Pence accuses Trump White House of whitewashing Jan. 6 attack
Mike Pence said he has seen evidence the Trump White House is rewriting Jan. 6, after it blamed police and cast the rioters as peaceful.

Mike Pence delivered an unusually sharp rebuke of the Trump White House, saying he has "certainly seen evidence" that the administration is whitewashing the Jan. 6 attack. Speaking on CBS News' Face the Nation with Margaret Brennan, the former vice president said he was especially offended by an anniversary timeline he said blamed Capitol Hill police for the violence at the U.S. Capitol.
Pence's criticism mattered because it came from inside Donald Trump's former governing circle, not from Democrats who have long argued that the attack is being rewritten for political gain. Pence said the White House's new retelling was "very offensive" and "deeply wrong," adding that Americans know what happened that day. His remarks put him at odds with a messaging effort that has become central to Trump's effort to reclaim the narrative around Jan. 6.

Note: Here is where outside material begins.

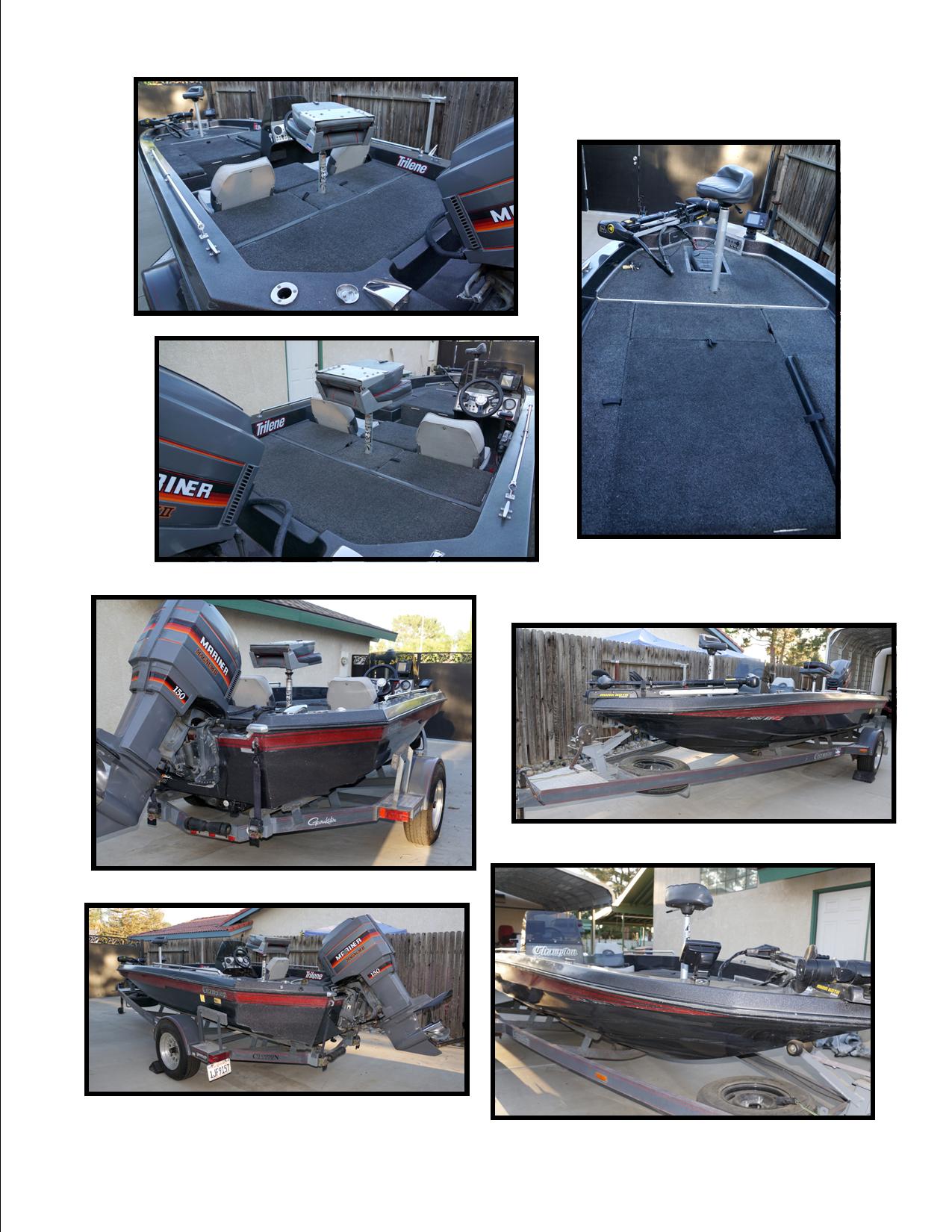 Minn Kota fishing motor, 2 - Hummingbird fish finders, 2 - live wells, single console, single axle trailer

The clash sharpened after the White House launched an official Jan. 6 webpage on the fifth anniversary of the attack, January 6, 2026. The site described Trump's supporters as "peaceful" and "orderly," accused Capitol Police of escalating tensions, repeated the false claim that the 2020 election was stolen, and, in some reporting, blamed Pence for "cowardice and sabotage." It also praised Trump for pardoning Jan. 6 defendants. Democrats accused the administration of trying to whitewash the day, and coverage of the anniversary drew immediate comparisons to revisionist and Orwellian propaganda.

The historical record remains far different from the new framing. The Department of Homeland Security's after-action reporting said four people died within and around the Capitol grounds on Jan. 6, 2021, when Congress was certifying Joe Biden's Electoral College victory. The report said about 52 people were arrested during the conflict and 14 Metropolitan Police Department officers were injured. Later Justice Department reporting said roughly 140 police officers were assaulted, including about 80 U.S. Capitol Police officers and 60 Metropolitan Police Department officers.

The dispute over language is more than a political fight over old footage. It is a struggle over whether the attack will be remembered as an assault on Congress or recast as a legitimate protest gone wrong. Coverage on the anniversary noted that pardoned Jan. 6 defendants returned to the Capitol, underscoring how the battle over memory remains active inside the Republican Party and continues to shape public understanding of the attack.
This article was produced by Prism’s automated news system from verified source data, official records, and press releases, then run through automated quality and moderation checks before publishing. The system is built and supervised by the people who set the standards it runs under. Read our full AI policy.